At a vast anti-war meeting in London on Friday, I saw just how unfairly we objectors have been characterised. When I described what happened in New York as a crime against humanity, only one person in the hall demurred (“it was self-defence!”), and he was immediately shouted down by what appeared to be the entire audience. No one suggested that the victims of the attack deserved what they got. No one advocated the appeasement of terrorists. But, just as the militarists need a single Hitler-like figure to launch their new world war, they also need to invoke a fabled set of beliefs which allows the pacifists to be dismissed before they have been heard.

But in one respect we have not, perhaps, made ourselves sufficiently clear. Assuming the unassumable, namely that Bin Laden was responsible and that he and his lieutenants are still in Afghanistan, how would we deal with them? The answer is obvious: let’s cut out the world war and go straight to Nuremburg.

This begs the question, of course, of how we would extract the defendants. I believe that this is a lot less complicated than the militarists have made it. Until a few years ago, the Afghan people regarded the western powers as their allies, as they fought to rid themselves of a brutal Soviet occupation. We squandered their goodwill when we encouraged the Taliban to move in as an ideological bulwark against communism. But reclaiming it, in Afghanistan’s desperate circumstances, is surely only a matter of months.
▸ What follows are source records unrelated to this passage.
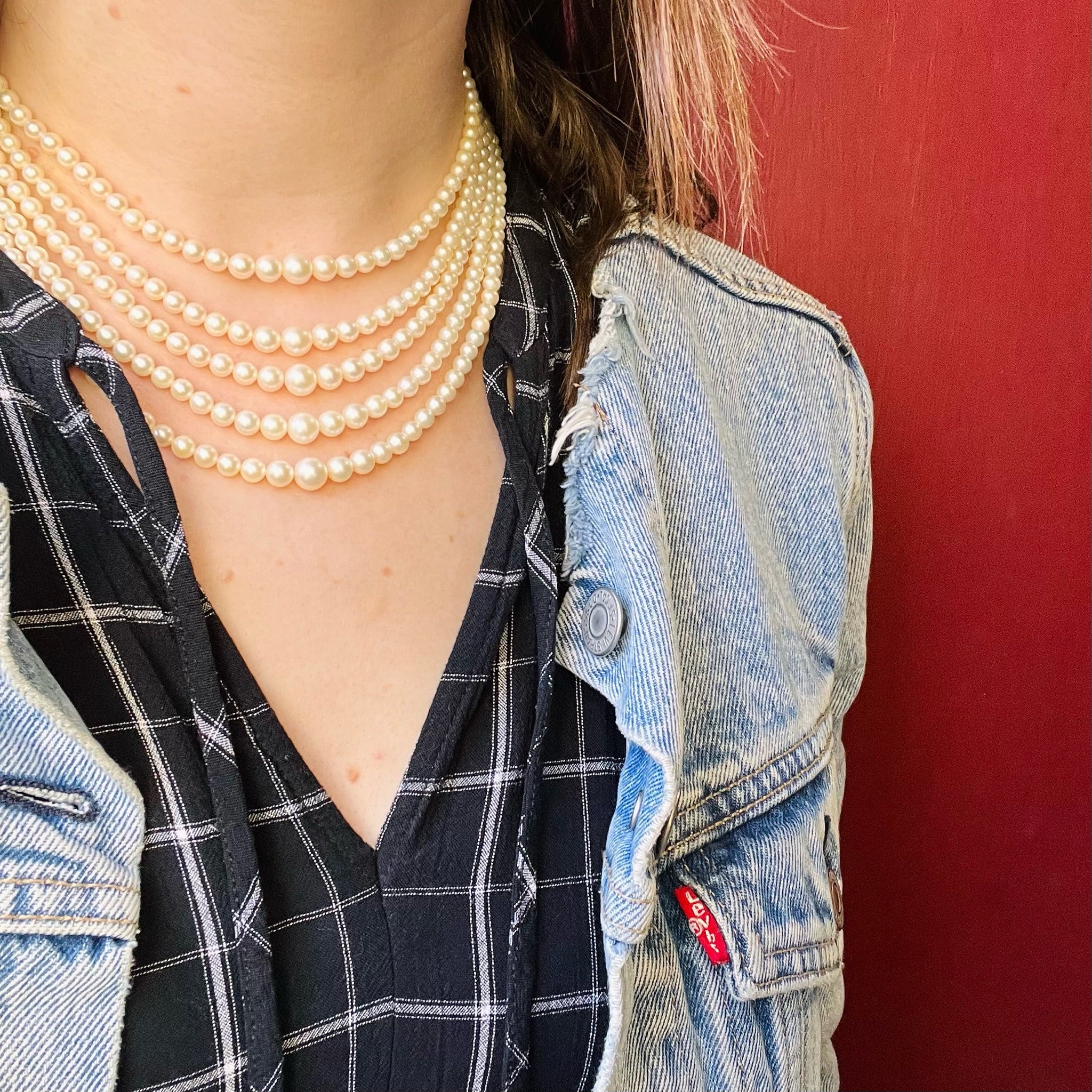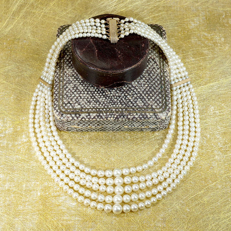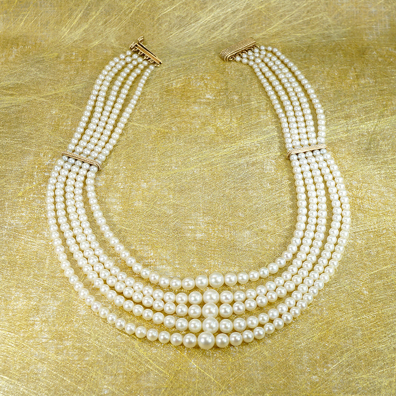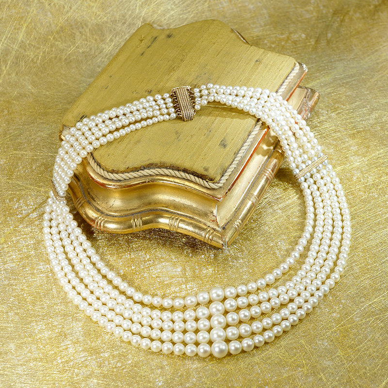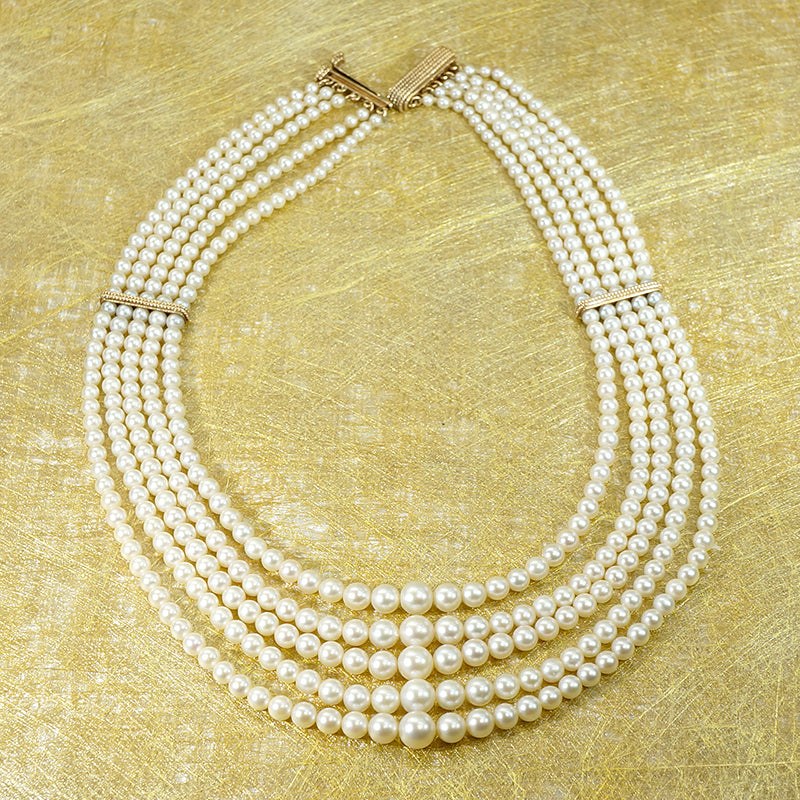 Oh my Atlantis...this pearl festoon necklace has all the mermaids gasping. Five strands of lustrous cultured pearls are gently graduated and held in place with 14k yellow gold spacers and clasp. The beautifully engraved findings ensure that the pearls lay just right along your collar bones. Multiple strands give this collar substance, but the design remains elegant and feminine. This necklace is a true statement piece, it reminds us of Audrey Hepburn in just about everything. Circa 1950.
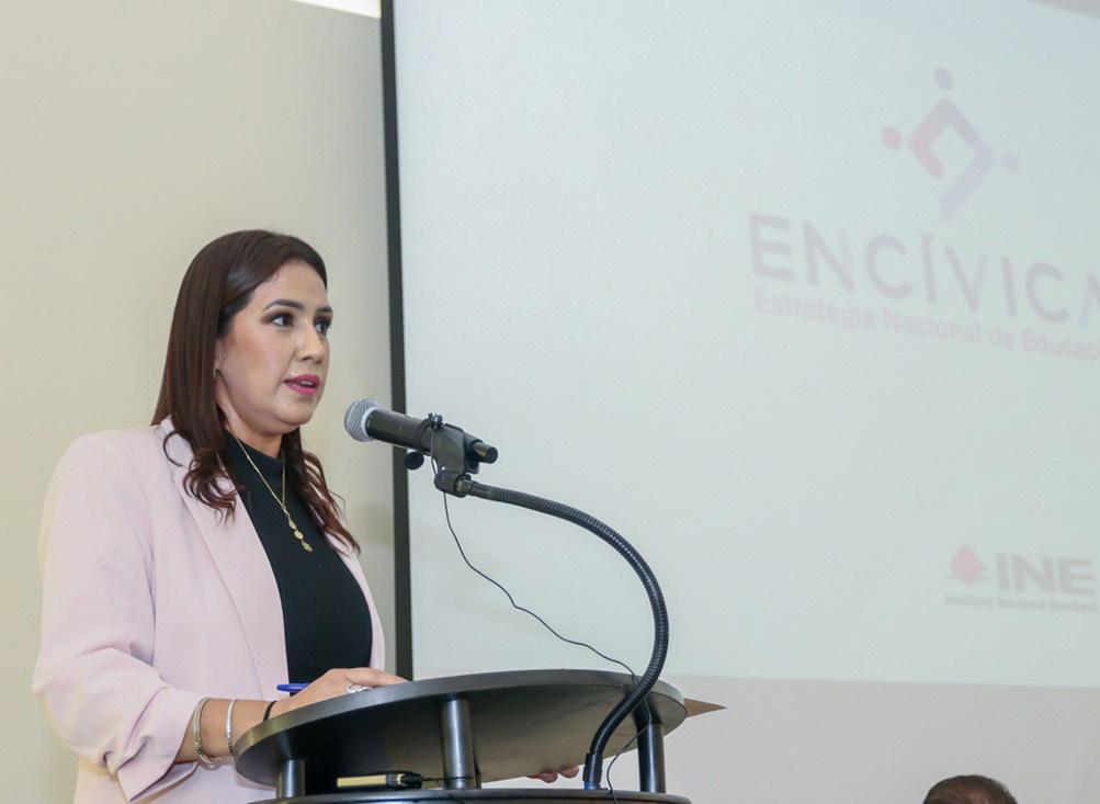 Por último, Laura Cecilia Barragán González, vocal de Capacitación Electoral y Educación Cívica de la Junta Local Ejecutiva del INE, habló con detalle de las estrategias que incluyen la implementación de 24 acciones operativas alineados a 2 ejes estratégicos que contempla la aplicación de la ENCÍVICA.
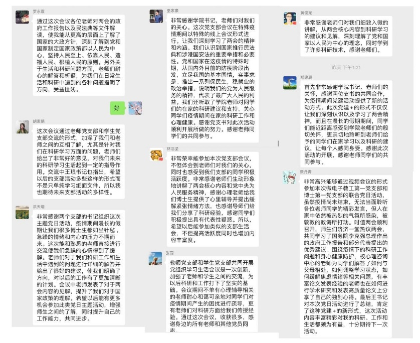 2020年初新冠肺炎疫情暴发,许多同学未能返校只能居家学习,特别是对于博士研究生,很可能由于耽搁了科研工作时间而使得实验任务无法及时完成,进而导致心理上焦虑和不安情绪产生。为更好地缓解同学们的焦虑情绪,2020年5月29日,由学院党委牵头,教职工第一党支部联合博士第一党支部通过线上方式联合开展了“师生暖心连线,传道授业解惑”主题党日活动。
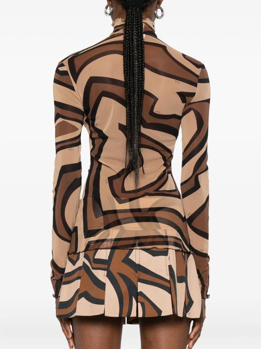 beige Labirinto print ruffled trim high neck long sleeves semi-sheer

Vast humanitarian interventions, dragging the population back from the brink of famine, would show the people that, unlike the Taliban, the West is on their side. The Taliban thrive on the fear of outsiders, which, as far as Afghans are concerned, has so far been amply justified. If the outside world proves that it is friendly, not hostile, the regime’s grip begins to weaken. As the debilitated population begins to recover, the Taliban’s chances of retaining power will be approximately zero. Bin Laden, long hated and feared by most Afghans, would be handed over just as soon as they could grab him.

All this, of course, will take time, and it’s not hard to see why the American people want instant results. But justice requires patience, and infinite justice requires infinite patience. The great advantage of this strategy is that it’s safe. Far from spawning future conflicts, it is likely to defuse them. Far from immersing a new generation in hatred of the West, it’s likely to inculcate a hatred of those who would deprive them of friendly contact with outsiders. Far from triggering off fundamentalist uprisings all over the Muslim world, it could lead to a new understanding between cultures, even a sense of common purpose. The likes of Bin Laden would then have nowhere to hide.

And there’s an accidental by-product, which has nothing to do with the West’s strategic objectives. Rather than killing thousands of civilians, we would save the lives of millions. Let’s make this the era of collateral repair.